Département des Antiquités orientales : Après la Conquête d'Alexandre

Antiquités orientales
Après la Conquête d'Alexandre

Auteur(s) :
Marie-José Castor

Des figurines nues, en albâtre, réalisées à l'époque parthe, entre le IIe siècle av. J.-C. et le Ier siècle ap. J.-C. perpétuent une technique millénaire, celle de la sculpture composite mêlant plusieurs matériaux. Souvent assimilées à Ishtar, déesse mésopotamienne de la sexualité et de la fertilité, ces statuettes de style gréco-babylonien étaient déposées dans les tombes.

Une figurine découverte dans une tombe

Cette statuette en albâtre, découverte en 1862 par Pacifique-Henri Delaporte, consul de France à Bagdad, provient d'un tombeau datant de l'époque parthe. Cette période marque l'avènement d'une dynastie indo-européenne d'origine iranienne qui, supplantant la monarchie grecque séleucide, impose sa domination du plateau iranien jusqu'en Mésopotamie. Elle apporte une civilisation empreinte du double héritage de l'Orient et de la Grèce. Le tombeau familial dans lequel a été trouvée notre statuette était une chambre funéraire contenant cinq tombes. La figurine, debout, avait été déposée dans une des tombes, près de la tête de la défunte qui reposait dans un cercueil en bois.

Un style gréco-oriental

Cette figurine en albâtre, au modelé gracieux, représente une femme nue, debout, le bras droit tombant et le bras gauche replié, la paume de la main tournée vers le haut. La tête porte une coiffure en stuc surmontée d'un croissant doré. Les yeux sont incrustés de rubis. La bouche est petite, le menton est arrondi. Les oreilles sont percées et ornées de pendants en or. Le cou est ceint d'un collier également en or. La poitrine, haute, est bien modelée. Les bras sont articulés et sont attachés à l'aide d'un fil, sans doute en or à l'origine. La taille est fine, les hanches sont larges et arrondies. Le nombril est serti d'un rubis. Les cuisses et les jambes sont rapprochées. Bien que le modelé obéisse aux règles des canons de l'art grec, l'utilisation de plusieurs matériaux tels que l'or, le stuc, l'albâtre et la pierre précieuse relève d'une tradition bien mésopotamienne. L'Ishtar babylonienne, déesse de la sexualité et de la guerre, épouse des formes grecques pour se métamorphoser en Aphrodite.

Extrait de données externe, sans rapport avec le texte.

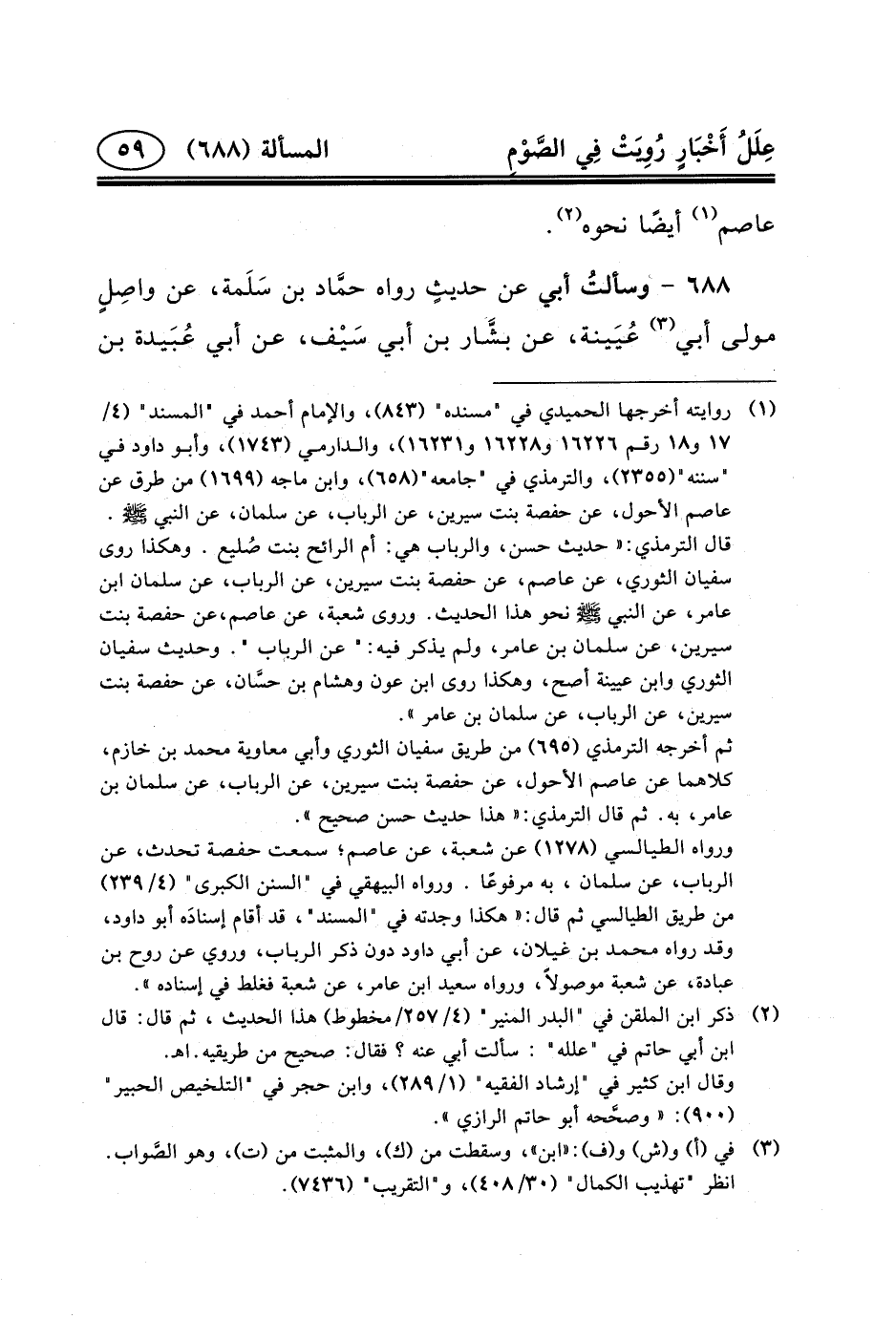 (١) روايته أخرجها الحميدي في "مسنده" (٨٤٣) ، والإمام أحمد في "المسند" (٤/١٧ و١٨ رقم ١٦٢٢٦ و١٦٢٢٨ و١٦٢٣١) ، والدارمي (١٧٤٣) ، وأبو داود في "سننه" (٢٣٥٥) ، والترمذي في "جامعه" (٦٥٨) ، وابن ماجه (١٦٩٩) من طرق عن عاصم الأحول، عَنْ حَفْصَةَ بِنْتِ سِيرِينَ، عَنْ الرَّبَابِ، عَنْ سَلْمَانَ، عَنِ النَّبِيِّ (ص) .

Principe féminin ? Symbole de renaissance ?

Si l'on s'accorde volontiers à reconnaître dans cette odalisque l'ancienne déesse mésopotamienne Ishtar, assimilée également à Vénus, on ne sait que peu de choses en revanche quant à la signification de ces figurines. Peut-être sont-elles des évocations de principes féminins : sexualité, maternité ? Une autre hypothèse établirait une relation entre ces figurines et les défunts qu'elles accompagnent dans la tombe : plus qu'une représentation de la divinité (Ishtar), elles seraient comme le propose Françoise Tallon, "l'image idéalisée de la personne défunte se mettant sous la protection d'une divinité de la fécondité".

Bibliographie

- TALLON Françoise, "Les rubis d'Ishtar : étude archéologique", in Cornaline et pierres précieuses : la Méditerranée, de l'Antiquité à l'Islam, Actes du colloque organisé au musée du Louvre par le Service culturel, les 24 et 25 novembre 1995 et établis par Annie Caubet, La Documentation française, Paris, 1999, pp. 229-243.

Cartel

  • Statuette de déesse nue debout

    Époque parthe, 143 av. J.-C. - 224 ap. J.-C.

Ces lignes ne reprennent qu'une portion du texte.